__EXERCISE__: Transcribe, word for word and without additions, each line below from the one containing "Tropický závesné svietidlo" through the one containing "其次,孙雨轩同学介绍了丰羽训", both ends included.

++++++++++

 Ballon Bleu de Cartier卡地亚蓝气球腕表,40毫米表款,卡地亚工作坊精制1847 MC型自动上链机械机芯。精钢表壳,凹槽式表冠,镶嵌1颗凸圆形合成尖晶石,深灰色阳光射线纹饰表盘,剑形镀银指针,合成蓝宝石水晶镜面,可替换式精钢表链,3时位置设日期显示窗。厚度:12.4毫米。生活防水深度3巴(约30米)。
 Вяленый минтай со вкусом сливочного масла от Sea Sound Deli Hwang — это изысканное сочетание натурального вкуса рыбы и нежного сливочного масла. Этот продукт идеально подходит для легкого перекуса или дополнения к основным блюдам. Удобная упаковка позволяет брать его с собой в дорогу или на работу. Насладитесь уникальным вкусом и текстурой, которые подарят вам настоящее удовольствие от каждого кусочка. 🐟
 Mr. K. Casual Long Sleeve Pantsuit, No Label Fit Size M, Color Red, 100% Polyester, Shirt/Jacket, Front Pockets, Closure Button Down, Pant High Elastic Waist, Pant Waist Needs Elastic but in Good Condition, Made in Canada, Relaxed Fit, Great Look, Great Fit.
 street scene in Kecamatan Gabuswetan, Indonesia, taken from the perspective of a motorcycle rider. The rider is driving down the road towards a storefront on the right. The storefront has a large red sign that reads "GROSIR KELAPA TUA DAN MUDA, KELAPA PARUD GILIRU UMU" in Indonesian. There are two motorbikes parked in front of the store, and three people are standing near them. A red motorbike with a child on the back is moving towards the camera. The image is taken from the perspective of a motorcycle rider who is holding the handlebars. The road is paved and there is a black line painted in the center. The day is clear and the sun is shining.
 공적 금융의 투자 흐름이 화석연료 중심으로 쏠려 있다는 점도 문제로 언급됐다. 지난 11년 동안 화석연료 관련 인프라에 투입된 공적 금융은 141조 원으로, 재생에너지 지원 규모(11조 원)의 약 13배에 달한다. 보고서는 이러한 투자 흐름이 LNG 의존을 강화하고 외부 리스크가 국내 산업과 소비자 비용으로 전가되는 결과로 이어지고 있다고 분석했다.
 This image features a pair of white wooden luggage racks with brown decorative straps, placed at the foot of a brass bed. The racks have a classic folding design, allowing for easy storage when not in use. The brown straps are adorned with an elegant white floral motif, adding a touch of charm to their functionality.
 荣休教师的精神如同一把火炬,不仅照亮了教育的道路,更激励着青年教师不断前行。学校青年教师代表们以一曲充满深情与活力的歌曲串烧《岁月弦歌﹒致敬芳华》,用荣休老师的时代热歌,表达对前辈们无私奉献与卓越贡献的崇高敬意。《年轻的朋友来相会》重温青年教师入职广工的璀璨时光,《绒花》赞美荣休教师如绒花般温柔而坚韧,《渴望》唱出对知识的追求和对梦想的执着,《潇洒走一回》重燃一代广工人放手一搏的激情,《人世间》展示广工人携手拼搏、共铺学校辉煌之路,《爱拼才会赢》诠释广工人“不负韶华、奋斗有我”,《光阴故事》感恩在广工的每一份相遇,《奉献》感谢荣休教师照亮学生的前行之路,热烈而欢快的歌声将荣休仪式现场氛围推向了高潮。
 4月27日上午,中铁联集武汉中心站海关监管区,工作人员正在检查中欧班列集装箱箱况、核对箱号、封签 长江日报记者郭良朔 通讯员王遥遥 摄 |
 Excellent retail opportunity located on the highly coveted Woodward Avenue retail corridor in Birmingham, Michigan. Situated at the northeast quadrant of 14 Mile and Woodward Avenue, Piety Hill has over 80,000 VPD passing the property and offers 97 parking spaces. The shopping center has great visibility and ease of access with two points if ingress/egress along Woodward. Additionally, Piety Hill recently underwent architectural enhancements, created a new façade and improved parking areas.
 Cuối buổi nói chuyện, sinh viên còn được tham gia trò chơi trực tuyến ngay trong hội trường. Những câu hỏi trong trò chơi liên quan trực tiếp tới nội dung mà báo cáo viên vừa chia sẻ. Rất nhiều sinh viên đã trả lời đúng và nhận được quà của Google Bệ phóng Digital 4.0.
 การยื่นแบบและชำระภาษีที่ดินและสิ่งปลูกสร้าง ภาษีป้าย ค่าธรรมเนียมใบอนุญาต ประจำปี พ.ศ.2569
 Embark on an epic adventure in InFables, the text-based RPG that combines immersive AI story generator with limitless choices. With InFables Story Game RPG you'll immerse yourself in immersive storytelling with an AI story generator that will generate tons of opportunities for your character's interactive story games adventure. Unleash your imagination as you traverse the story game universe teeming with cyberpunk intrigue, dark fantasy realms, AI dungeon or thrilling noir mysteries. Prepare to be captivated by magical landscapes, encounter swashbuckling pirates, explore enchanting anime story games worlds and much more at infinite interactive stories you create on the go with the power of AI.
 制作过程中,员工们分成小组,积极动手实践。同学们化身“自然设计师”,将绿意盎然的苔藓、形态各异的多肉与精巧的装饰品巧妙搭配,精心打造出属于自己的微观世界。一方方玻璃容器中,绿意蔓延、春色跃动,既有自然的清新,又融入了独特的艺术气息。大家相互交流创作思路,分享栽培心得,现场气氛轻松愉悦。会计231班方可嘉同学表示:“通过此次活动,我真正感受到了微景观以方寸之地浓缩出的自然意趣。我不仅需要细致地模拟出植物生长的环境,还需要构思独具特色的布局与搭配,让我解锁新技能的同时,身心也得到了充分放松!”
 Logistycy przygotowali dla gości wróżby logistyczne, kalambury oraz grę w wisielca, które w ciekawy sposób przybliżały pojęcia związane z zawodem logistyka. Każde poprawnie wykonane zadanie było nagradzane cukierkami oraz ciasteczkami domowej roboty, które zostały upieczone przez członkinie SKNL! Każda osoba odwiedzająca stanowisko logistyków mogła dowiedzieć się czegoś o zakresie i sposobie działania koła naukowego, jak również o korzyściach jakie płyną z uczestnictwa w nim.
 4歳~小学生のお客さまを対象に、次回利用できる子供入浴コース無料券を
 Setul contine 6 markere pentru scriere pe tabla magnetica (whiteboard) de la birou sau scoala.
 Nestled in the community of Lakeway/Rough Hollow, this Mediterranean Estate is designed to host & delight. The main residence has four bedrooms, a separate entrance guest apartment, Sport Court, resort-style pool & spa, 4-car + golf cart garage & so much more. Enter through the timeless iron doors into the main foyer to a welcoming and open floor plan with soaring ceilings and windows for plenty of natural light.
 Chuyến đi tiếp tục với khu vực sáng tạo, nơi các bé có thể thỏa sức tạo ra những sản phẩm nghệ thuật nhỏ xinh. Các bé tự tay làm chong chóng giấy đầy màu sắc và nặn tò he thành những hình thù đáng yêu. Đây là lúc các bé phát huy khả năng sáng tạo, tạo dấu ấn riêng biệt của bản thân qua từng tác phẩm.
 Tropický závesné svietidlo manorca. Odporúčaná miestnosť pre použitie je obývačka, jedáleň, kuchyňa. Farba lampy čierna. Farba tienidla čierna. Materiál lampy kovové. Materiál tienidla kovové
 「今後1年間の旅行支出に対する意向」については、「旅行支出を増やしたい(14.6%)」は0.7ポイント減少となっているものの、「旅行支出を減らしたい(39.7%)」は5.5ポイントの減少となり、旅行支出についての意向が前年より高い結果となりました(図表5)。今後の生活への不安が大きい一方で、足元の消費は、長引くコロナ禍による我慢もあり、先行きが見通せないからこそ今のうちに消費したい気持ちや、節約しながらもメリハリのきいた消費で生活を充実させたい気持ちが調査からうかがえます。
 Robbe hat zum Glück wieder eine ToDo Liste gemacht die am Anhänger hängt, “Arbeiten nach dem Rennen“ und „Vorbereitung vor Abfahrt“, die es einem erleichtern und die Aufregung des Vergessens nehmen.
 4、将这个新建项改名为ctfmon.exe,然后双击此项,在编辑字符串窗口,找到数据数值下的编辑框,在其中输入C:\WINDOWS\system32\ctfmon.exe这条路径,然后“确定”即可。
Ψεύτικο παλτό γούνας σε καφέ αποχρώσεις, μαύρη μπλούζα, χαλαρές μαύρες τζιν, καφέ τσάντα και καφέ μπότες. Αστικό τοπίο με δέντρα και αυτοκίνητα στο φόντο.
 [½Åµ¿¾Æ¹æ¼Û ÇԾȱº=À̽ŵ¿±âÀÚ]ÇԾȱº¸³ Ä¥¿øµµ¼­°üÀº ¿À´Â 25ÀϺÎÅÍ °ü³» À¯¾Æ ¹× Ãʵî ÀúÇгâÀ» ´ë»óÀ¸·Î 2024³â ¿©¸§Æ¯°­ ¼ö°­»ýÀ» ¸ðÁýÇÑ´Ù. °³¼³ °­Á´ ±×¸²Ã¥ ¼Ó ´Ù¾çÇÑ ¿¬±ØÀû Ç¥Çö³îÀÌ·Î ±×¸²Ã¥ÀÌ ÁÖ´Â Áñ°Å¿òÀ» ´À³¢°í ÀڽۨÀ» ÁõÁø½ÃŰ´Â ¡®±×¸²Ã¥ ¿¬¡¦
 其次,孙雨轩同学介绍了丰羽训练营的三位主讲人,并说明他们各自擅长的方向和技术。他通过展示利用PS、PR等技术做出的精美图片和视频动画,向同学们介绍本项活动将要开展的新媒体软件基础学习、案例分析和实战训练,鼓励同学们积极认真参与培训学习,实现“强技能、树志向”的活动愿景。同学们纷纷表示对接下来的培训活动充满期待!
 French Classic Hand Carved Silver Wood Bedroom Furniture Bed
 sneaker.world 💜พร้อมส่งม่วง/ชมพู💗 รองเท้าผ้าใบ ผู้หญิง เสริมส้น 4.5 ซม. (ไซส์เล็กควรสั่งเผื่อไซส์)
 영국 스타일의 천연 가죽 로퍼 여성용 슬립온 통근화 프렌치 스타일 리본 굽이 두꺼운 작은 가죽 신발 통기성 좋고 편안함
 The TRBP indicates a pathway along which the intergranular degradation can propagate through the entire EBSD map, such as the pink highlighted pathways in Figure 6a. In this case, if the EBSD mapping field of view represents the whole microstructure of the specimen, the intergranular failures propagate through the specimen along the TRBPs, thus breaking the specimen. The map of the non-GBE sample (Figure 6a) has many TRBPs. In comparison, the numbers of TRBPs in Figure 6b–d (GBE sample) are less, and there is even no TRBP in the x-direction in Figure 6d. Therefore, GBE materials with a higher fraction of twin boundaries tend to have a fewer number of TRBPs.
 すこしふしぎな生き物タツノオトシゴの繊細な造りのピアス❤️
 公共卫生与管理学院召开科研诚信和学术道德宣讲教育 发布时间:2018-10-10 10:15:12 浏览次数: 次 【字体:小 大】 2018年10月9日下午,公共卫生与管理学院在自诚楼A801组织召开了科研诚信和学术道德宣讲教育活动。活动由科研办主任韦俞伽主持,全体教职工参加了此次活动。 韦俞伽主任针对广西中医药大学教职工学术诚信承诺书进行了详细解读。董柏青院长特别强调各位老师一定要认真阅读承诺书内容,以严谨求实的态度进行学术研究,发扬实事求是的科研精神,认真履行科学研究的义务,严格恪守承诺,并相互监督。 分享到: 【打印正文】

++++++++++

__FINISHED TASK__:
 Tropický závesné svietidlo manorca. Odporúčaná miestnosť pre použitie je obývačka, jedáleň, kuchyňa. Farba lampy čierna. Farba tienidla čierna. Materiál lampy kovové. Materiál tienidla kovové
 「今後1年間の旅行支出に対する意向」については、「旅行支出を増やしたい(14.6%)」は0.7ポイント減少となっているものの、「旅行支出を減らしたい(39.7%)」は5.5ポイントの減少となり、旅行支出についての意向が前年より高い結果となりました(図表5)。今後の生活への不安が大きい一方で、足元の消費は、長引くコロナ禍による我慢もあり、先行きが見通せないからこそ今のうちに消費したい気持ちや、節約しながらもメリハリのきいた消費で生活を充実させたい気持ちが調査からうかがえます。
 Robbe hat zum Glück wieder eine ToDo Liste gemacht die am Anhänger hängt, “Arbeiten nach dem Rennen“ und „Vorbereitung vor Abfahrt“, die es einem erleichtern und die Aufregung des Vergessens nehmen.
 4、将这个新建项改名为ctfmon.exe,然后双击此项,在编辑字符串窗口,找到数据数值下的编辑框,在其中输入C:\WINDOWS\system32\ctfmon.exe这条路径,然后“确定”即可。
Ψεύτικο παλτό γούνας σε καφέ αποχρώσεις, μαύρη μπλούζα, χαλαρές μαύρες τζιν, καφέ τσάντα και καφέ μπότες. Αστικό τοπίο με δέντρα και αυτοκίνητα στο φόντο.
 [½Åµ¿¾Æ¹æ¼Û ÇԾȱº=À̽ŵ¿±âÀÚ]ÇԾȱº¸³ Ä¥¿øµµ¼­°üÀº ¿À´Â 25ÀϺÎÅÍ °ü³» À¯¾Æ ¹× Ãʵî ÀúÇгâÀ» ´ë»óÀ¸·Î 2024³â ¿©¸§Æ¯°­ ¼ö°­»ýÀ» ¸ðÁýÇÑ´Ù. °³¼³ °­Á´ ±×¸²Ã¥ ¼Ó ´Ù¾çÇÑ ¿¬±ØÀû Ç¥Çö³îÀÌ·Î ±×¸²Ã¥ÀÌ ÁÖ´Â Áñ°Å¿òÀ» ´À³¢°í ÀڽۨÀ» ÁõÁø½ÃŰ´Â ¡®±×¸²Ã¥ ¿¬¡¦
 其次,孙雨轩同学介绍了丰羽训练营的三位主讲人,并说明他们各自擅长的方向和技术。他通过展示利用PS、PR等技术做出的精美图片和视频动画,向同学们介绍本项活动将要开展的新媒体软件基础学习、案例分析和实战训练,鼓励同学们积极认真参与培训学习,实现“强技能、树志向”的活动愿景。同学们纷纷表示对接下来的培训活动充满期待!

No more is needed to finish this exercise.